Singling out Woodford and Van De Kamp, Death Penalty Focus director Lance Lindsey said, "They're courageous because they're coming out of communities that are often associated with a knee-jerk tough-on-crime position. What they represent is a smart-on-crime position."
Woodford, 56, said she has always opposed the death penalty.

"Initially for me it was just a matter of, does this really make sense to be killing people to avenge the death of someone else?" Woodford said in an interview this week.

She said it is a debate that will never be settled.

"Some people believe in an eye for an eye, and some people don't," she said.

Woodford, who started her career as a prison guard at San Quentin, said there are more practical reasons for opposing capital punishment.

She said the death penalty is an ineffective deterrent because of the time it takes to execute condemned prisoners. She said that due to improvements in prison security, capital punishment is no longer needed to protect the public from the possibility that killers might escape. She noted that prisoners can now be sentenced to life in prison without the possibility of parole. And, she said, it costs far more to execute a condemned prisoner than to keep one in prison for life.
"I just really worry about the state of California," Woodford said. "I worry about the fact that we continue to spend so much money on issues that aren't giving us any benefit. The death penalty is one of those."

Woodford said the state also can no longer afford to incarcerate nonviolent offenders or to skimp on mental health and drug treatment programs, which keep people out of prison. She said money is being wasted by sending parole violators back to state prison for minor violations.

"We're not making intelligent choices about who should be in state prison and who shouldn't," Woodford said.

During her stint as warden at San Quentin from 1999 to 2004, Woodford initiated a number of experimental programs aimed at reducing recidivism.

"We currently look back on that time with some nostalgia," said Jacques Verduin, executive director of the Insight Prison Project, a San Rafael-based nonprofit that works with San Quentin to provide rehabilitative programs.
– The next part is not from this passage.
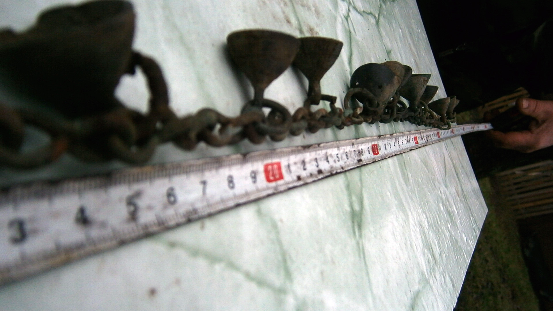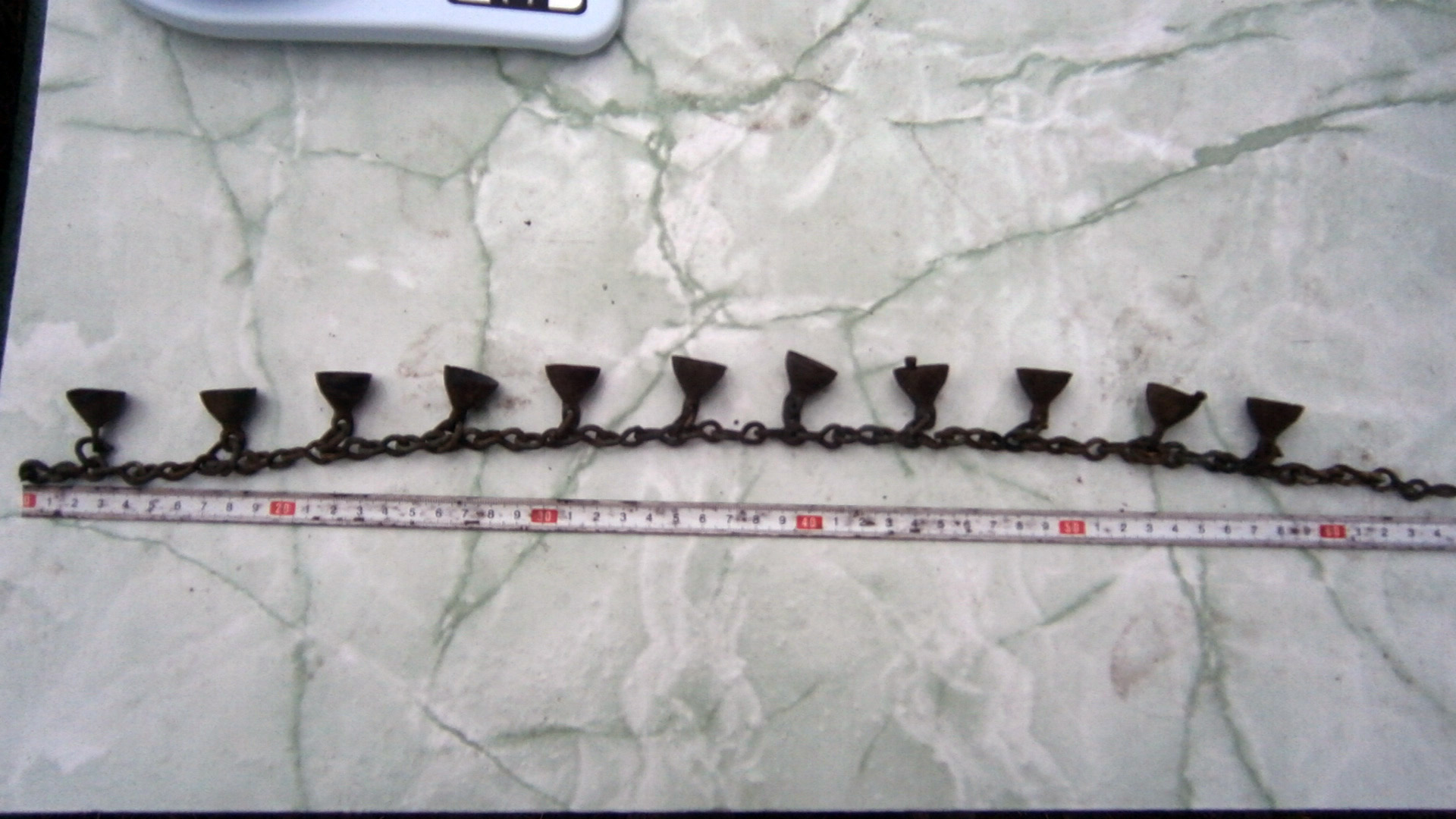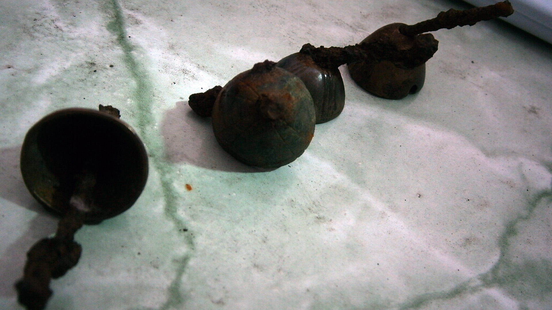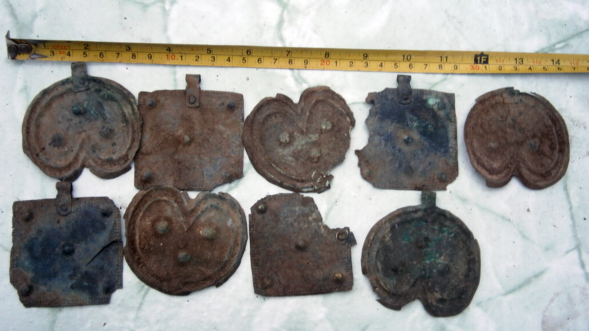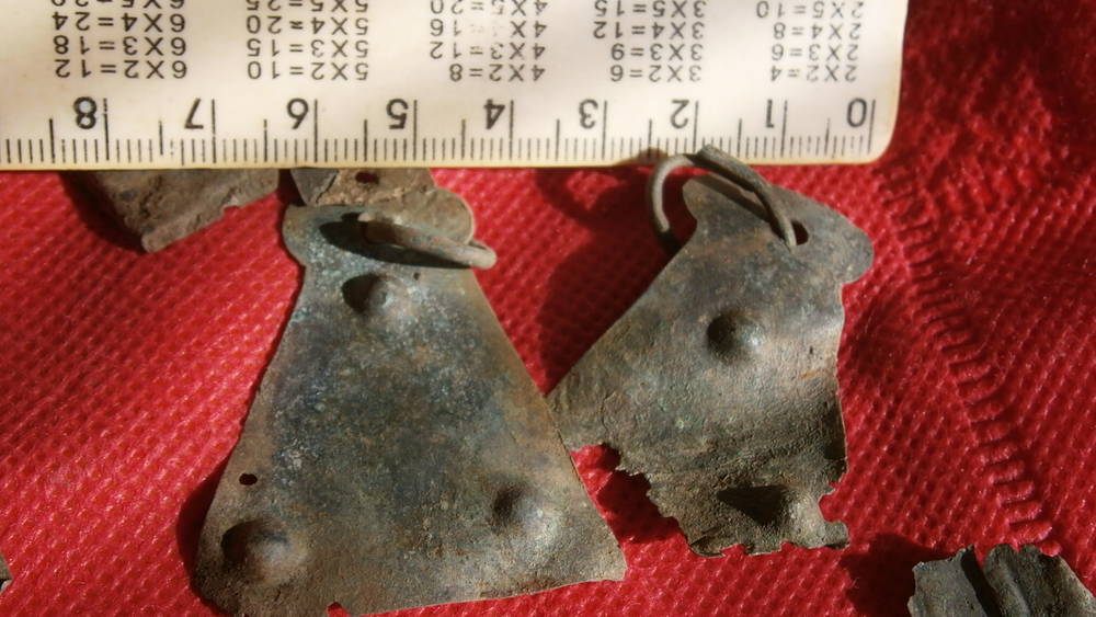 Один позолоченный и много бронзовых колокольчиков, закрепленных на цепиБронзовые конические колокольчики с внутренней петлей для подвешивания язычка. Подобные колокольчики широко представлены в ряде антских кладов (Козиевский, Новоодесский, Суджанский, Гапоновский).
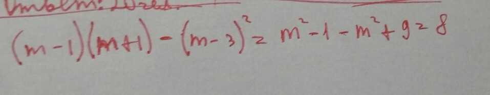 = m² - 1 - m² + 6m - 9 = 6m - 10

"Jeannie was one of the first to understand that the community could play a larger role in this prison, or prisons period," Verduin said.

But Kent Scheidegger, legal director for the Criminal Justice Legal Foundation in Sacramento, disputes Woodford's economic critique of capital punishment. The foundation is a public interest law organization that files friend of the court briefs to speed the implementation of executions.

"The argument assumes that the present costs are necessary and will continue and that is not a valid assumption," Scheidegger said. "The costs can be greatly reduced. The appeals don't need to last 20 years. Virginia does it in five."

In a guest editorial that appeared in the Los Angeles Times in October, Woodford recalled presiding over the execution of Robert Lee Massie. Woodford said she chose to write about Massie "because he would be the poster child for why people say we need a death penalty." Massie was originally sentenced to death in 1965, but his sentence was later commuted to life. He was paroled in 1978, murdered a liquor store owner during a robbery eight months later, pleaded guilty, and was once again sentenced to die.

Massie was one of several death row inmates who effectively volunteered to be executed by dropping their appeals, Woodford said.

"So it's really like assisting with their suicide," Woodford said. "What that ought to say to people is that permanent imprisonment isn't an easy punishment for anyone."